*** Opening DATA FOR THE TASK ***
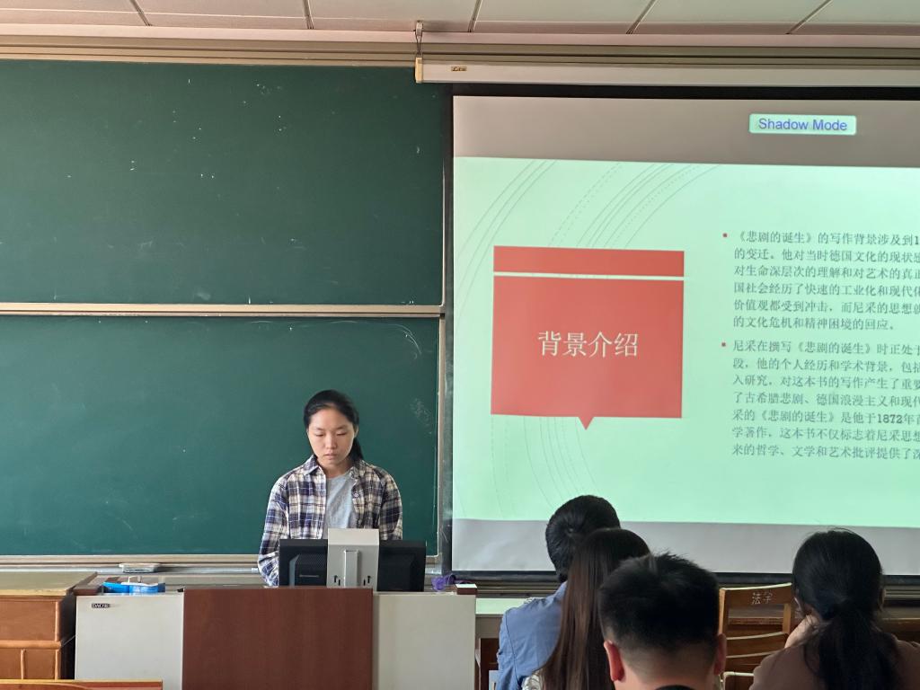 随后,2024级伊昊冉同学分享了弗里德里希·威廉·尼采《悲剧的诞生》一书。通过悲剧的诞生、死亡与重生三个部分对本书的内容进行了分享。悲剧本性在于: 它虽然深刻地洞察了自身之存在的有限性,但却并未因此厌倦和否定自身的意义;正是由于生命具有这种智慧或真理,它才会无条件地肯定和热爱自己的有限存在,甚至想要它无限次地“重来一次”。
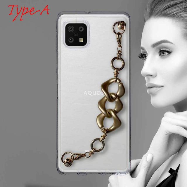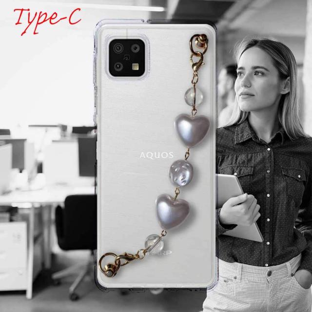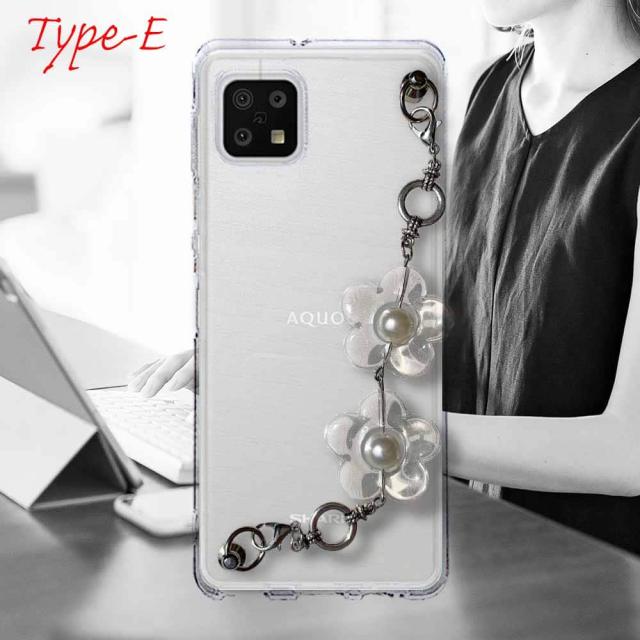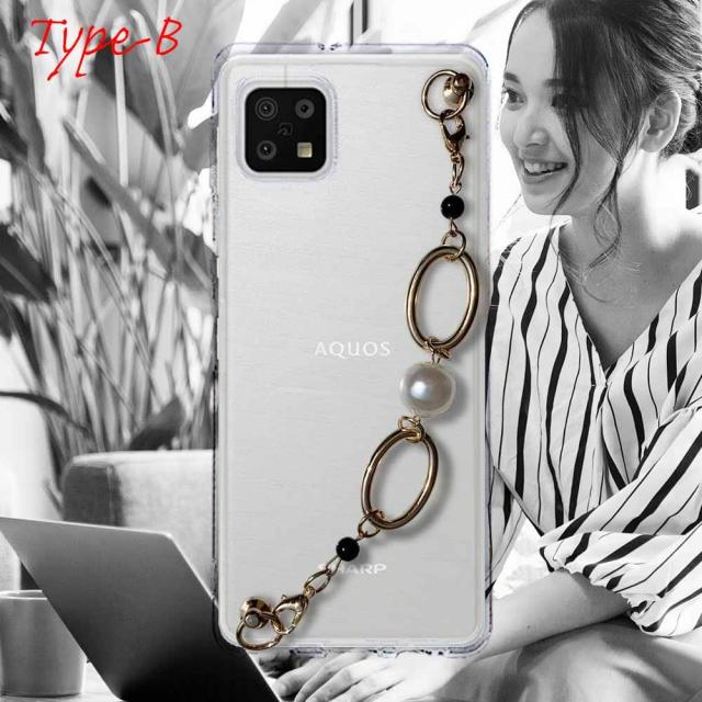 【ワード】 AQUOS sense6 カバーアクオス センス シックス ケース 韓国 スマホストラップ スマホチェーン スマホキーホルダー ビーズチャーム ビーズストラップ 背面 斜め 透明
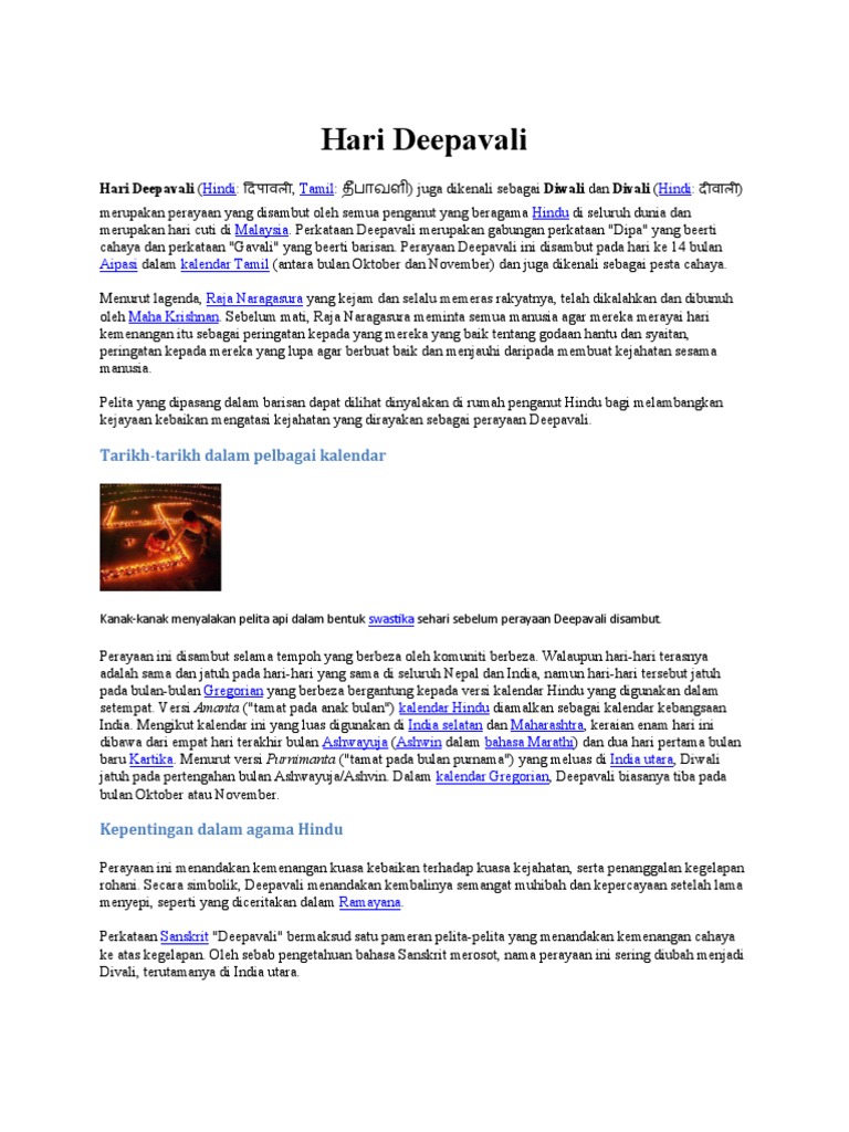 Deepavali, the hindu festival of lights, also spelt diwali, is celebrated exuberantly by malaysia's indian community in october or november each year. Namunbegitu, masyarakat india yang tinggal di kawasan ladang danestet menyambut perayaan itu lebih lama dalam su asanakampung. Deepavali atau lebih dikenali sebagai 'pesta cahaya' disambut oleh masyarakat india yang beragama hindu dan sikh di negara kita. Hari deepavali merupakan perayaan yang disambut oleh semua penganut yang beragama hindu di seluruh dunia dan merupakan hari cuti di malaysia. Deepavali adalah perayaan yang paling popular di malaysia dan deepavali dianggap sebagai cuti umum malaysia.
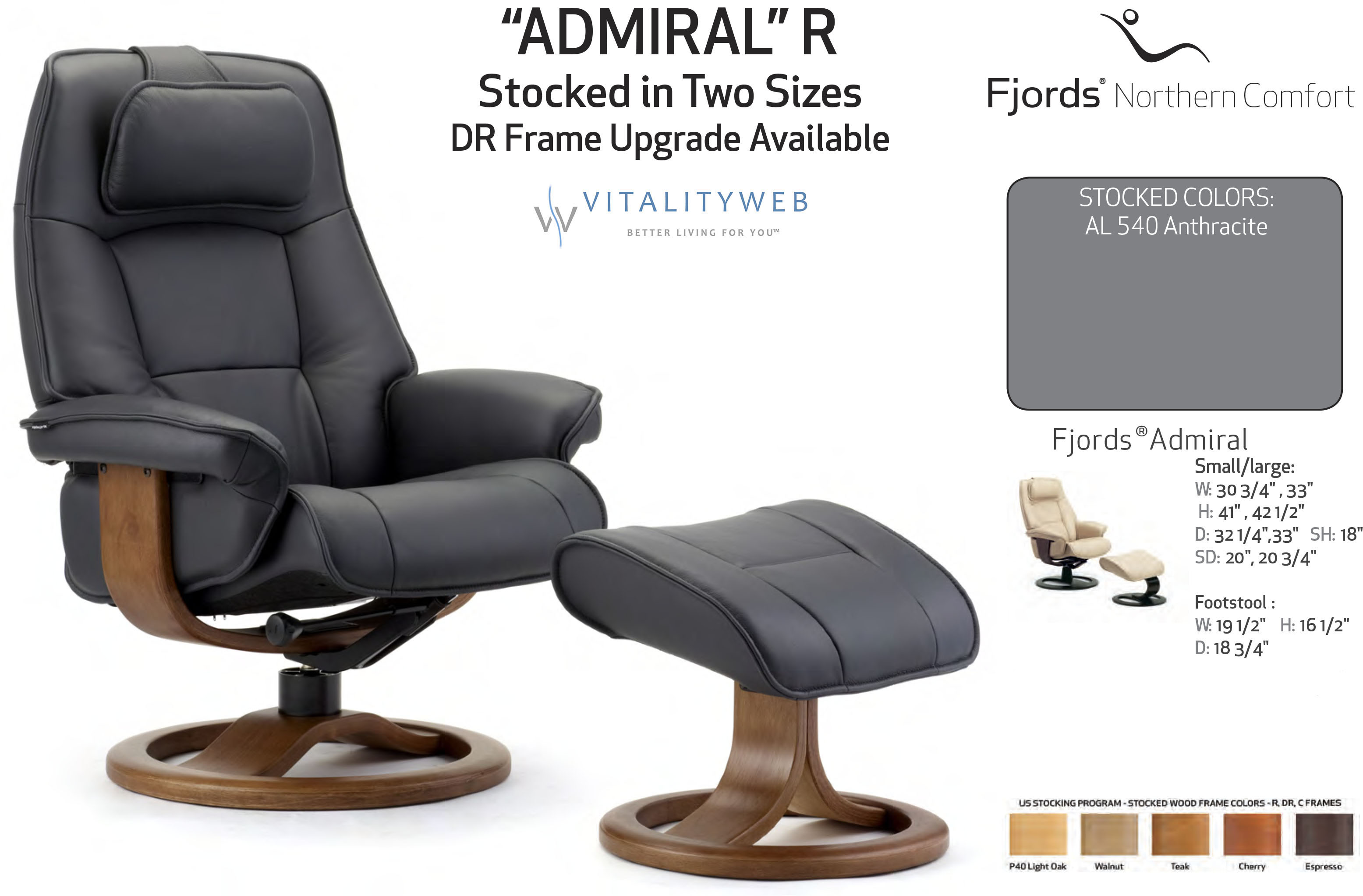 Fjords Admiral R Base Leather Recliner Chair and Ottoman Information
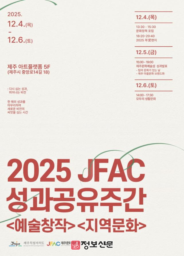 ![]() 제주문화예술재단, 「JFAC 성과공유주간」 개최 |
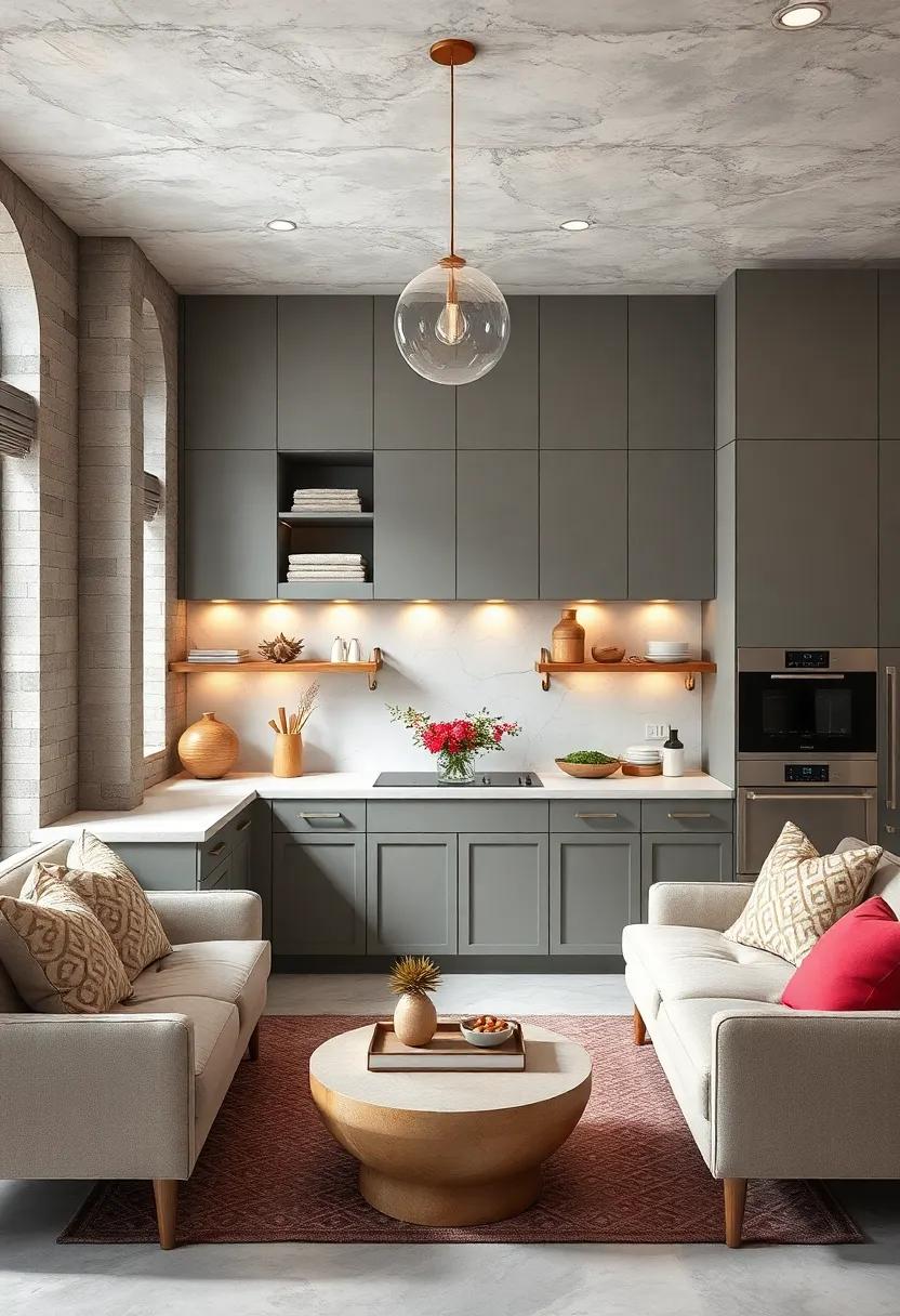 - Open Shelving: Showcase decorative dishware or plants against darker cabinets for dramatic effect.
*** Closing DATA FOR THE TASK ***
Print all records word for word, no images.

 随后,2024级伊昊冉同学分享了弗里德里希·威廉·尼采《悲剧的诞生》一书。通过悲剧的诞生、死亡与重生三个部分对本书的内容进行了分享。悲剧本性在于: 它虽然深刻地洞察了自身之存在的有限性,但却并未因此厌倦和否定自身的意义;正是由于生命具有这种智慧或真理,它才会无条件地肯定和热爱自己的有限存在,甚至想要它无限次地“重来一次”。
 【ワード】 AQUOS sense6 カバーアクオス センス シックス ケース 韓国 スマホストラップ スマホチェーン スマホキーホルダー ビーズチャーム ビーズストラップ 背面 斜め 透明
 Deepavali, the hindu festival of lights, also spelt diwali, is celebrated exuberantly by malaysia's indian community in october or november each year. Namunbegitu, masyarakat india yang tinggal di kawasan ladang danestet menyambut perayaan itu lebih lama dalam su asanakampung. Deepavali atau lebih dikenali sebagai 'pesta cahaya' disambut oleh masyarakat india yang beragama hindu dan sikh di negara kita. Hari deepavali merupakan perayaan yang disambut oleh semua penganut yang beragama hindu di seluruh dunia dan merupakan hari cuti di malaysia. Deepavali adalah perayaan yang paling popular di malaysia dan deepavali dianggap sebagai cuti umum malaysia.
 Fjords Admiral R Base Leather Recliner Chair and Ottoman Information
 ![]() 제주문화예술재단, 「JFAC 성과공유주간」 개최 |
 - Open Shelving: Showcase decorative dishware or plants against darker cabinets for dramatic effect.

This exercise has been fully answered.